Audience Expectations and Prerequisites
Attendees are recommended to bring laptops/smartphones in order to interact with CloudEx through a web browser.
Organizers
-
Mohammad Alizadeh
Boston, USA
-
Bio:
Mohammad Alizadeh is the TIBCO Career Development Assistant Professor in the Department of Electrical Engineering and Computer Science (EECS) at MIT, and a member of the Computer Science and Artificial Intelligence Laboratory (CSAIL). He completed his graduate studies at Stanford University, earning his Ph.D. in electrical engineering in 2013, and then spent two years at Insieme Networks, a datacenter networking startup, and Cisco Systems before joining MIT. He is a recipient of several awards, including the SIGCOMM Rising Star Award (2017), Alfred P. Sloan Research Fellowship (2017), Google Faculty Research Award (2016), SIGCOMM Best Paper Award (2014 & 2017), and Numerical Technologies Inc. Prize and Fellowship (2007).
-
-
Balaji Prabhakar
Stanford, USA
-
Bio:
Balaji Prabhakar is VMWare Founders Professor of Computer Science and a faculty member in the Departments of Electrical Engineering and Computer Science at Stanford University. He has been a Terman Fellow at Stanford University, and a Fellow of the Alfred P. Sloan Foundation, IEEE and ACM. He has received the CAREER award from the U.S. National Science Foundation, the Erlang Prize from the INFORMS Applied Probability Society, the Rollo Davidson Prize from the University of Cambridge, and delivered the Lunteren Lectures. He is the recipient of the inaugural IEEE Innovation in Societal Infrastructure Award which recognizes "significant technological achievements and contributions to the establishment, development and proliferation of innovative societal infrastructure systems. He serves on the Advisory Board of the Future Urban Mobility Initiative of the World Economic Forum.
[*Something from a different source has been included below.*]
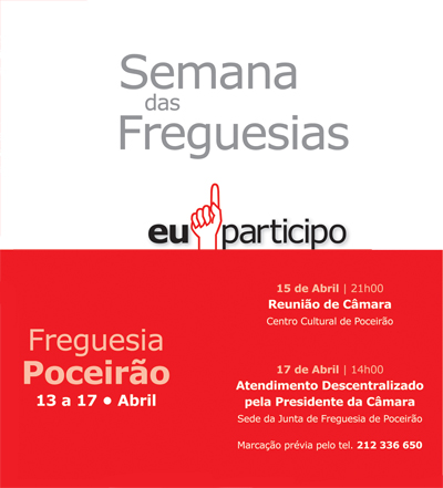 Do programa público fazem parte a reunião do Executivo, no dia 15, quarta-feira, às 21 horas, no Centro Cultural de Poceirão, e o atendimento descentralizado pela Presidente da Câmara, no dia 17, sexta-feira, a partir das 14 horas, na sede da Junta de Freguesia.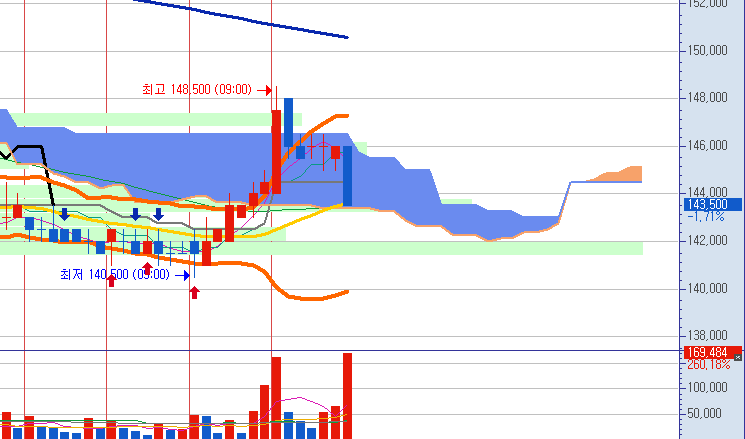 다만 분봉상의 조정 가능성이 보이므로

He is a co-recipient of several best paper awards.
-
-
Anirudh Sivaraman
New York City, USA
-
Bio:
Anirudh Sivaraman is an assistant professor at NYU's Computer Science Department. His recent research has focused on enabling and taking advantage of programmability within computer networks. He has also been actively involved in the design and evolution of the P4 language for programmable network devices. His past research includes work on congestion control, network emulation, and network measurement. He received the MIT EECS department's Frederick C. Hennie III Teaching Award in 2012 and the ACM SIGCOMM Doctoral Dissertation Award in 2018. He shared the IETF/IRTF's Applied Networking Research Prize in 2014 and the ACM SIGCOMM Best Paper Award in 2017.
-
References
Geng, Yilong, et al. "SIMON: A Simple and Scalable Method for Sensing, Inference and Measurement in Data Center Networks." 16th USENIX Symposium on Networked Systems Design and Implementation (NSDI 19). 2019.
Geng, Yilong, et al. "Exploiting a natural network effect for scalable, fine-grained clock synchronization." 15th USENIX Symposium on Networked Systems Design and Implementation (NSDI 18). 2018.
Geng, Yilong, et al. "Self-programming networks: Architecture and algorithms." 2017 55th Annual Allerton Conference on Communication, Control, and Computing (Allerton). IEEE, 2017.